WHAT IS BEING ASKED: The expected output is the line with "1.加载Person类信息(Person.class) 到方法区,只会加载一次" plus all lines after it to the end of the material below, reproduced exactly, with pictures omitted and nothing else included.

=-=-=

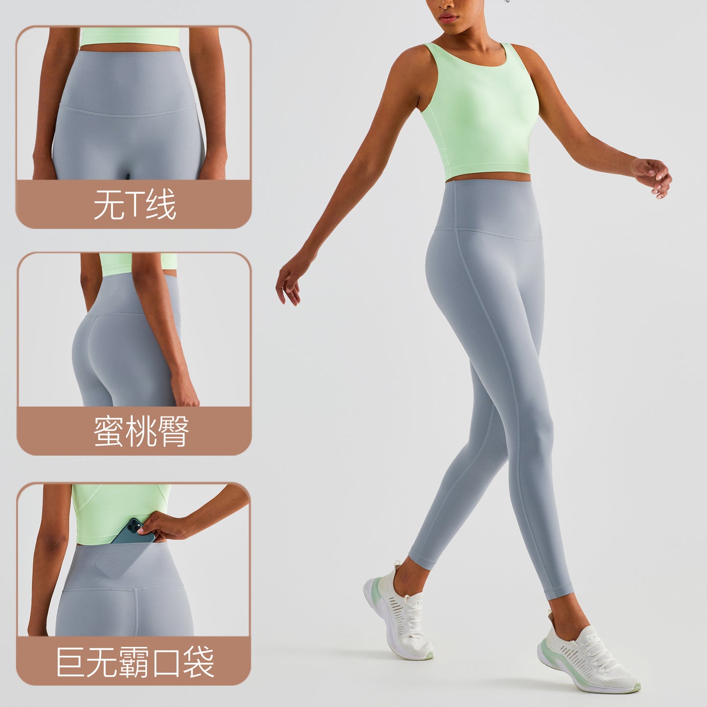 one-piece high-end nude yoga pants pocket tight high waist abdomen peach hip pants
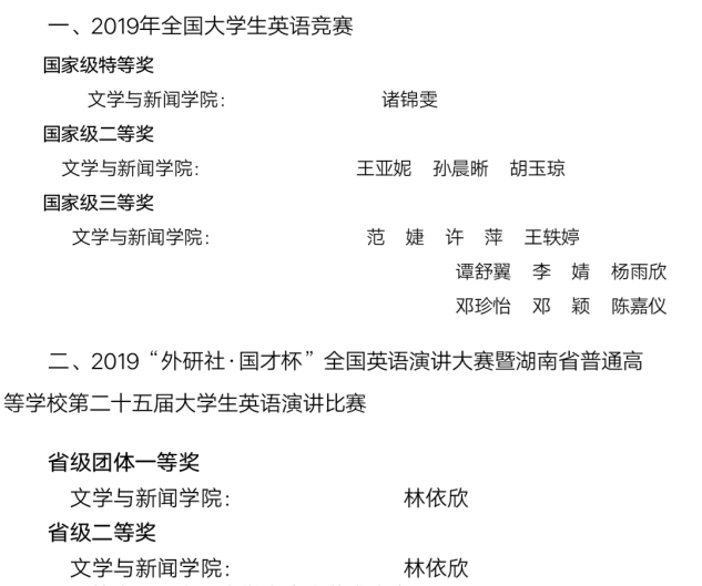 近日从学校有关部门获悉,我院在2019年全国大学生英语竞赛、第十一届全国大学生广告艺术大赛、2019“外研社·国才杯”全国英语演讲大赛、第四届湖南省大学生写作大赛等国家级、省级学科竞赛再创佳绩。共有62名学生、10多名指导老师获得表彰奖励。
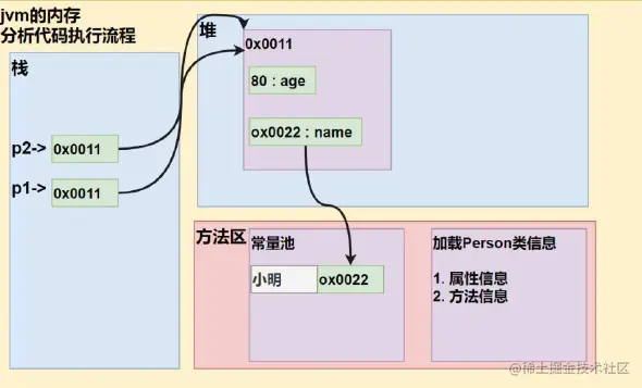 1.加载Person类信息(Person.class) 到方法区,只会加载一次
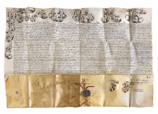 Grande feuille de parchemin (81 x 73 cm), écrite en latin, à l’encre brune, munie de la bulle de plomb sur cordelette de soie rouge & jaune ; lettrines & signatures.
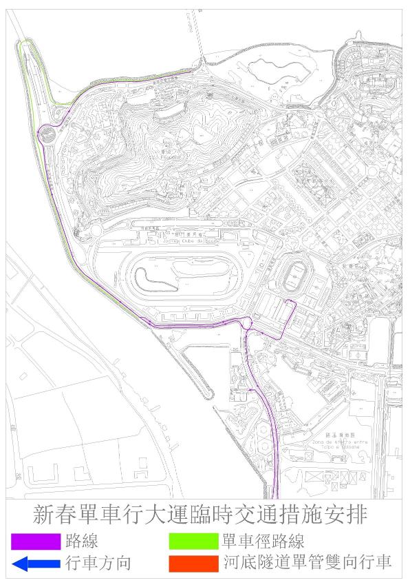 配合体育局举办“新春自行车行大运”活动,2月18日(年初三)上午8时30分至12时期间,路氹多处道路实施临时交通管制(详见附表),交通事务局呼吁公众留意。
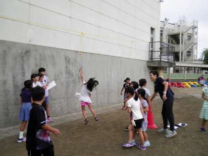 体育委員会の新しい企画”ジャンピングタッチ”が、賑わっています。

=-=-=

SOLUTION FOR THIS EXERCISE:
 1.加载Person类信息(Person.class) 到方法区,只会加载一次
 Grande feuille de parchemin (81 x 73 cm), écrite en latin, à l’encre brune, munie de la bulle de plomb sur cordelette de soie rouge & jaune ; lettrines & signatures.
 配合体育局举办“新春自行车行大运”活动,2月18日(年初三)上午8时30分至12时期间,路氹多处道路实施临时交通管制(详见附表),交通事务局呼吁公众留意。
 体育委員会の新しい企画”ジャンピングタッチ”が、賑わっています。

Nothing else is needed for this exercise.